Only the pictures are to be left out; the listing itself is repeated exactly.

Data section Block Start

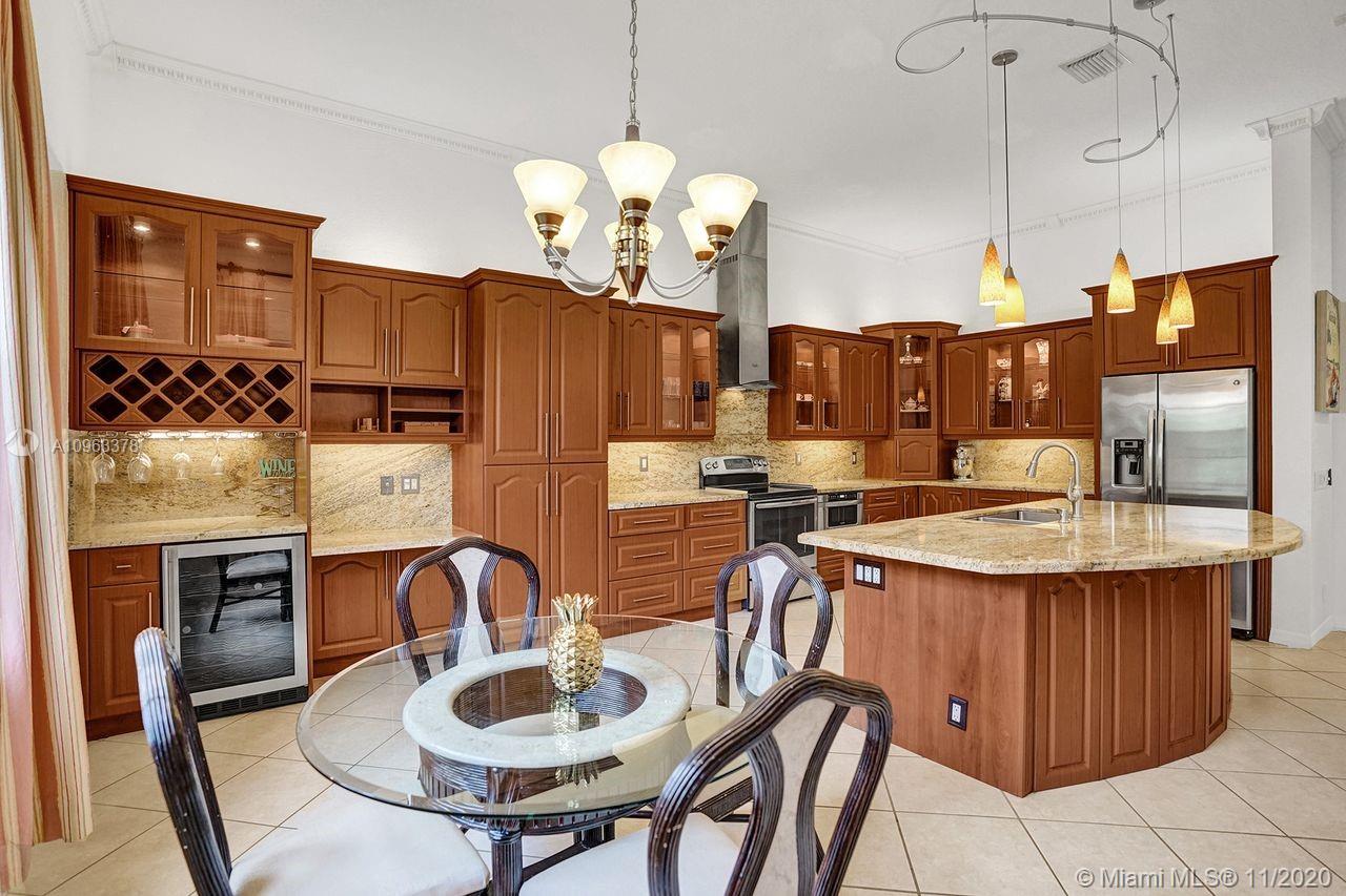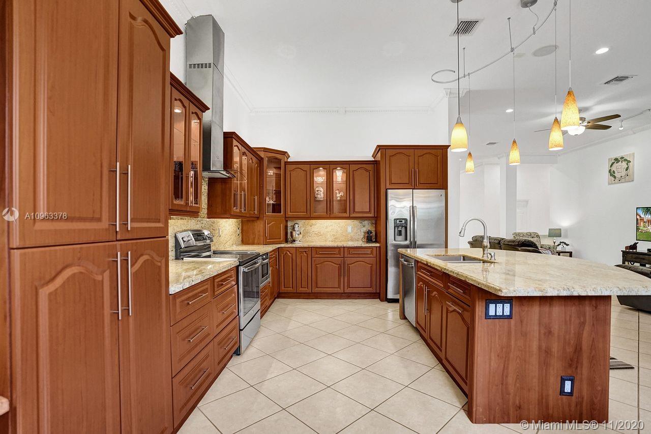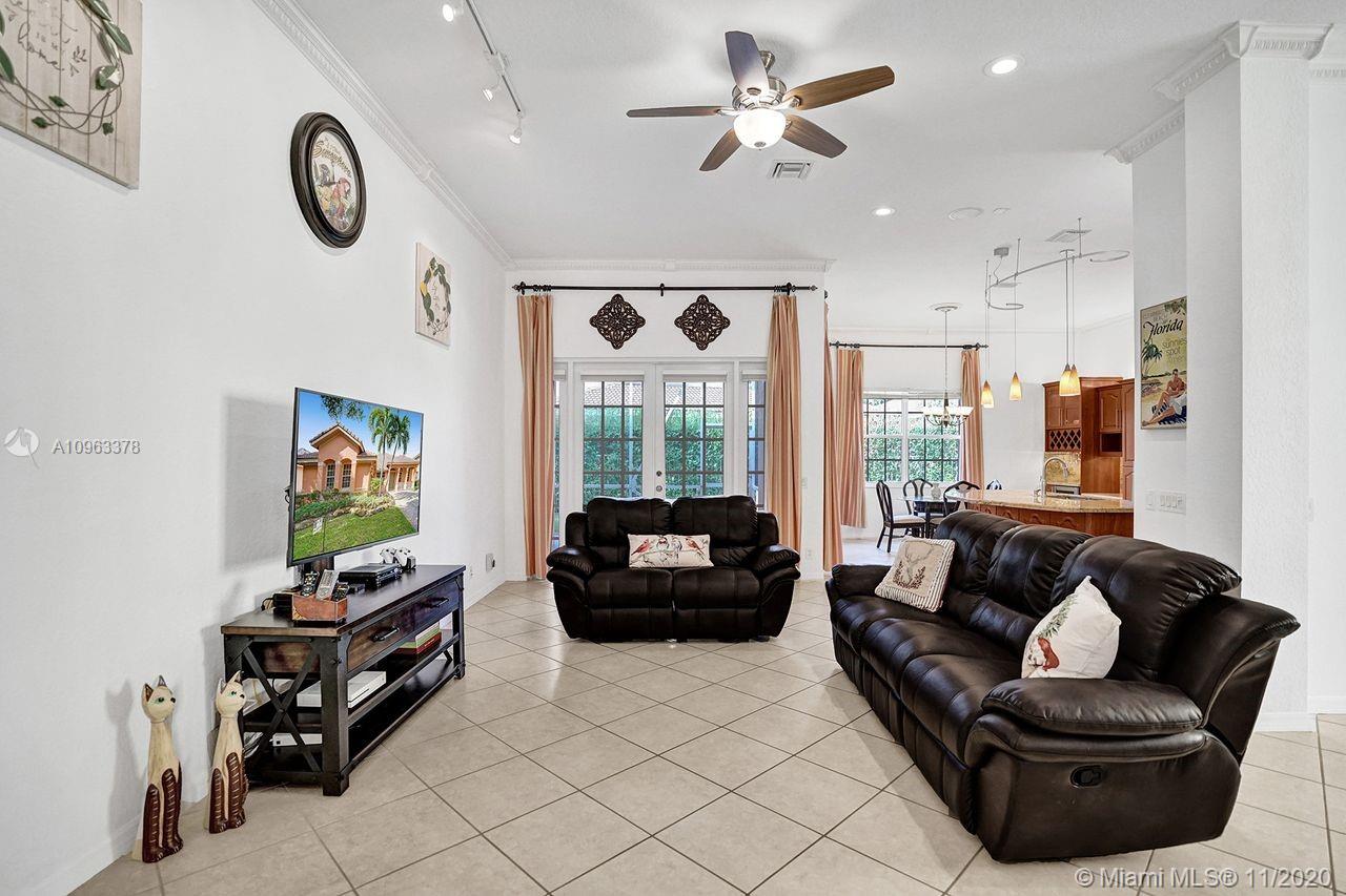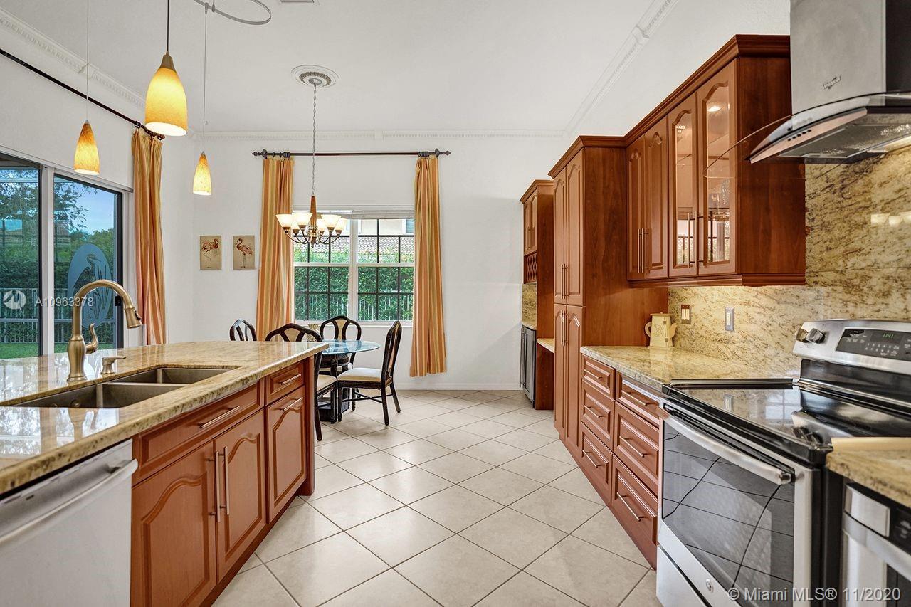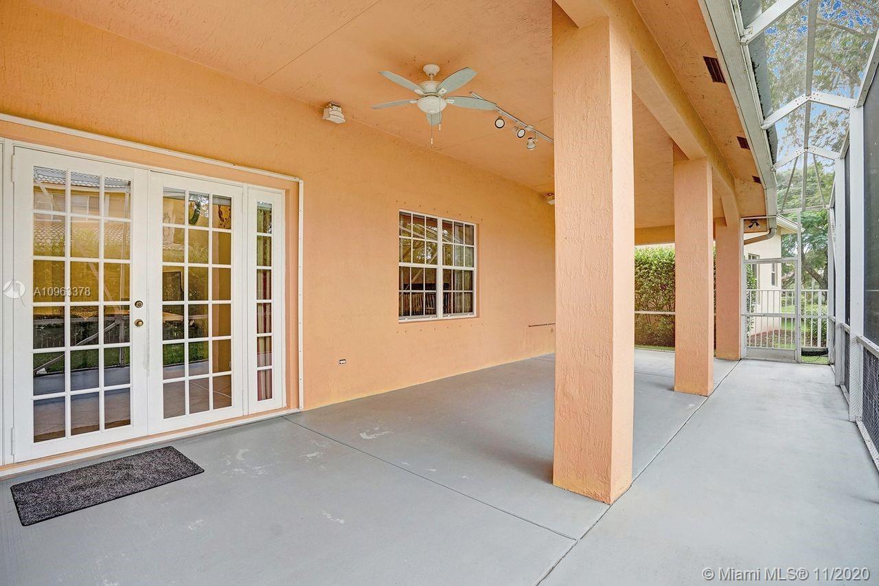 Spectacular family home in Weston desirable Savanna resort style community. One story 4 bedrooms, 2.5 baths, open concept living area with high ceilings, crown molding. Front porch and nice curb appeal. Newer kitchen is spacious with granite countertops, a separate breakfast area, built-in bar, a desk and plenty of cabinet space. Large kitchen island provides extra eating space. There is an oversize covered and screened in back patio/porch for extra outdoor living perfect for entertaining. Master bedroom has also high ceilings with organized closet space. Separate laundry area leads to two car garage with plenty of storage. Tile floor on living area and laminate wood floor on bedrooms. The two-bathroom showers were recently remodeled. Close to A+ schools.
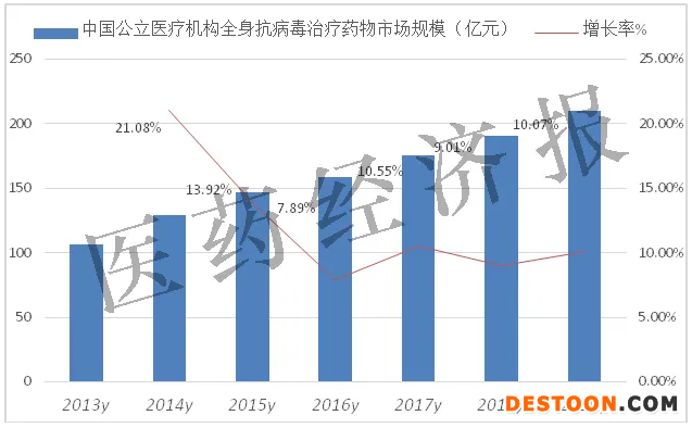 圖3 2013-2019年中國(guó)公立醫(yī)療機(jī)構(gòu)全身抗病毒藥物市場(chǎng)情況
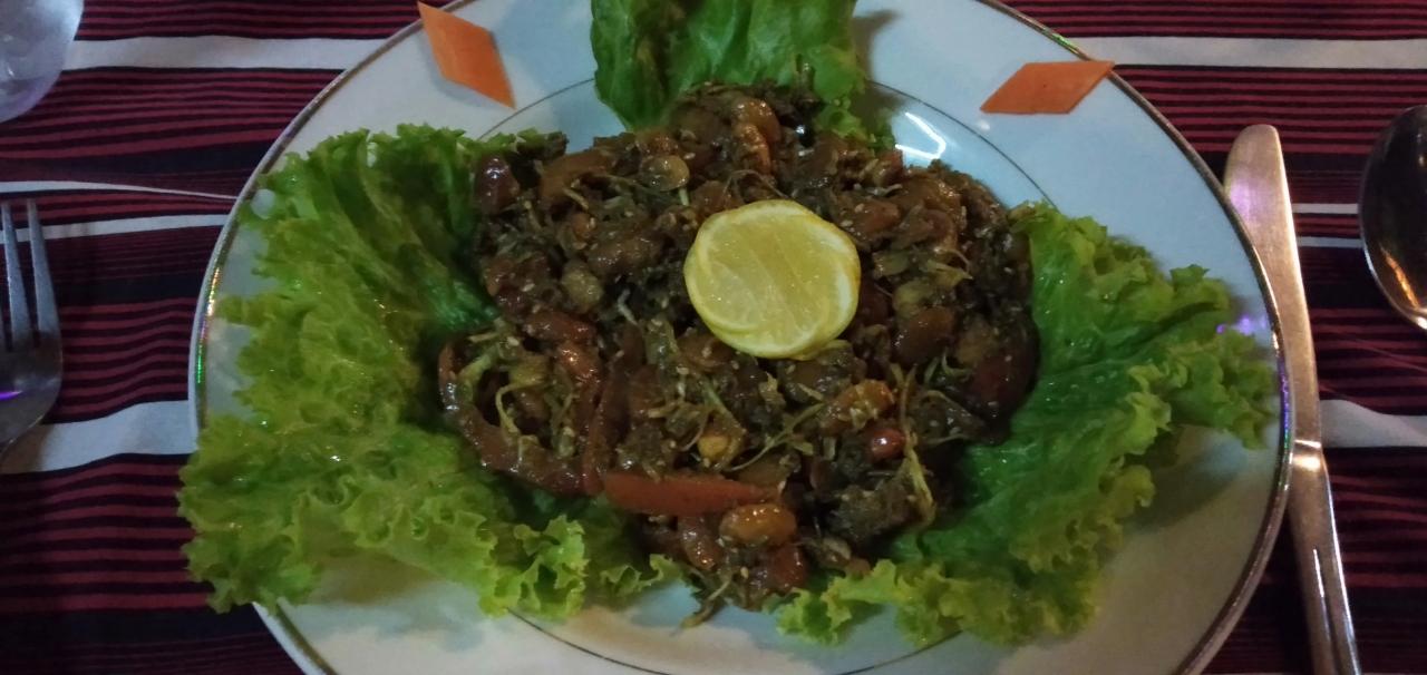 茶葉をつかったサラダ。茶葉を使うことも多いらしい。

Data section Block End

** Exercise solution **
 Spectacular family home in Weston desirable Savanna resort style community. One story 4 bedrooms, 2.5 baths, open concept living area with high ceilings, crown molding. Front porch and nice curb appeal. Newer kitchen is spacious with granite countertops, a separate breakfast area, built-in bar, a desk and plenty of cabinet space. Large kitchen island provides extra eating space. There is an oversize covered and screened in back patio/porch for extra outdoor living perfect for entertaining. Master bedroom has also high ceilings with organized closet space. Separate laundry area leads to two car garage with plenty of storage. Tile floor on living area and laminate wood floor on bedrooms. The two-bathroom showers were recently remodeled. Close to A+ schools.
 圖3 2013-2019年中國(guó)公立醫(yī)療機(jī)構(gòu)全身抗病毒藥物市場(chǎng)情況
 茶葉をつかったサラダ。茶葉を使うことも多いらしい。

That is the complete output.